Au début du XXème siècle, en Autriche, le jeune Toerless intègre un internat. Une nuit, un vol a lieu : deux élèves démasquent le coupable et menacent de le dénoncer s’il ne satisfait pas leurs désirs…

Quelques spoilers.

Les Désarrois de l’élève Toerless réactive une question qui me taraude depuis longtemps, devant tant de films de la période : le cinéma moderne ne se résumerait-il pas, pour une grande part, à du cinéma de genre refoulé ? À un équivalent cérébral chichiteux, mal digéré, mal assumé, de tout ce qui se qui se tramait de gore et d’érotique au cœur des salles de quartier, durant les exactes mêmes années ?
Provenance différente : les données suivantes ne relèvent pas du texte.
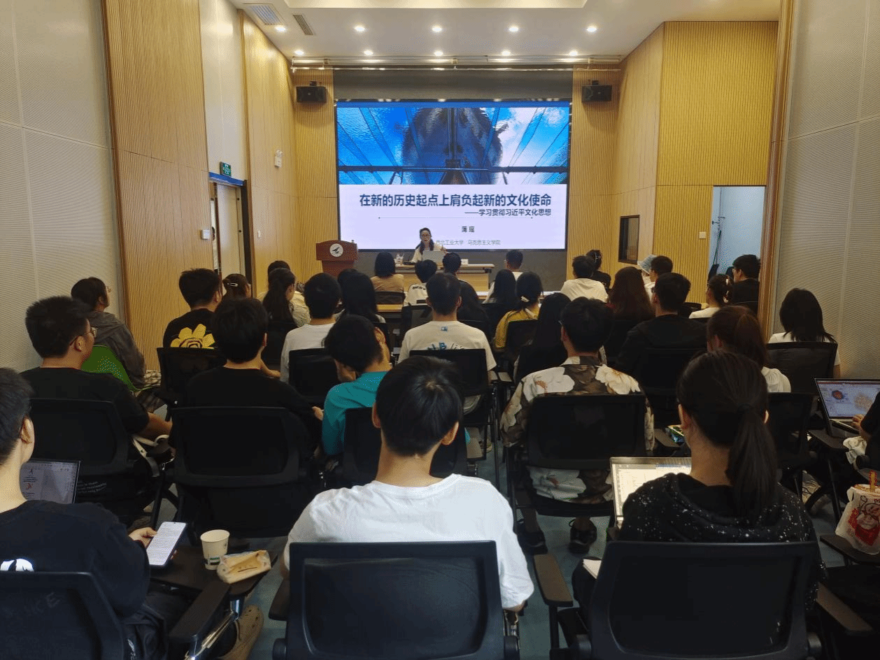 蒲瑶以《在新的历史起点上肩负起新的文化使命--学习贯彻习近平文化思想》为题,从世情、国情和党情入手,结合自身成长、求学和工作经历深入浅出地阐述了深刻认识习近平文化思想的时代背景、准确把握习近平文化思想的丰富内涵等内容。
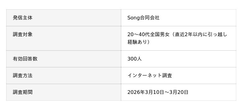 Song合同会社は、直近2年以内に引っ越し経験のある20~40代男女300名を対象に、「引っ越し後に発生するコスト連鎖」に関する調査を実施しました。 本調査では、見積り外の追加費用や引っ越し後30日間の支出、さらに二重払いなどの“固定費スリップ”の実態を明らかにしています。
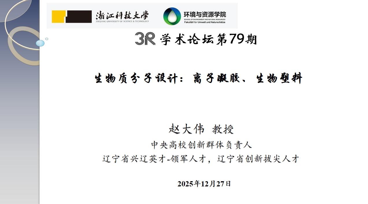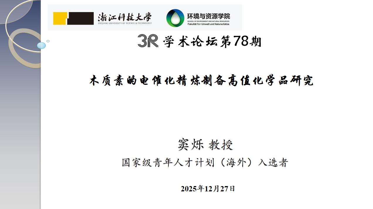 2025年12月27日下午,东北林业大学窦烁教授和沈阳化工大学赵大伟教授应邀访问我院,两位教授作为主讲嘉宾做了“3R”学术论坛第78/79期学术报告,题目分别为《木质素的电催化精炼制备高值化学品研究》和《生物质分子设计:离子凝胶、生物塑料》。报告会由翟尚儒教授主持,40余位师生参加本次报告会。
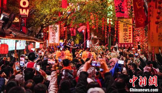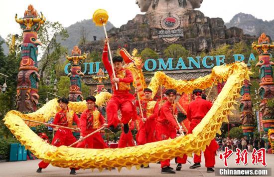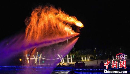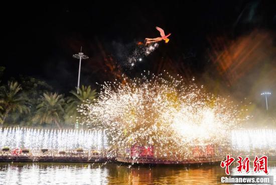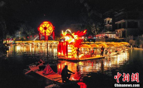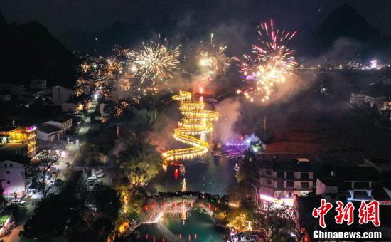 12月27日至28日,广西桂林阳朔县举办第二十四届漓江渔火节,本届漓江渔火节以“渔火浪漫你我非遗狂欢阳朔”为主题,通过开展形式多样、内容丰富的活动,展现了阳朔特有的文化风情,吸引更多游客感受阳朔的山水之美、人文之美。图为28日晚广西桂林阳朔遇龙河景区进行金龙巡游表演。

Ce film d’internat SM, on se dit qu’il serait aujourd’hui, s’il sortait dans nos salles, un objet fétichiste et pop : un film dandy, conscient et heureux de jouer avec nos kinks et l’imagerie (celle du film de pension, ce quasi sous-genre du cinéma de fesses). Lecture anachronique, sans doute, car à l’époque ce film se conçoit sûrement d’abord comme un objet signifiant et politique : face à un cinéma allemand alors endormi, muet au sujet de son proche passé écrasant, Schlöndorff met à jour les mécanismes expliquant l’avènement et l’acceptation du nazisme au sein d’une collectivité. Mais la dimension érogène qui traîne malgré tout entre les images, est-elle alors un accident, un mirage – ou bien le fond secret du film, qui prendrait les beaux habits du pensum politique pour aller jouir ?

Schlöndorff se montre d’abord plutôt brillant sur la question : comme quelques années plus tard dans Au nom du père (Bellochio), ou encore dans Suspiria (Argento), le pensionnat sadique est un cadre légèrement onirique, horrifique, presque fantastique – bref, un cadre qui, face aux pulsions, cultive notre fascination, et pas seulement notre recul. Les enfants, lâchés par le train au milieu d’un décor absurde (des rails perdus au milieu de nulle part), vont où ils veulent et comme ils veulent, se comportant en petits seigneurs arrogants (avec les filles de l’auberge, notamment), dans un village ancien, et autour d’une école-château où l’on rentre le soir tombé, qui donnent à l’ensemble un air tout à fait médiéval… Le décor fantasmatique, sidérant, est posé.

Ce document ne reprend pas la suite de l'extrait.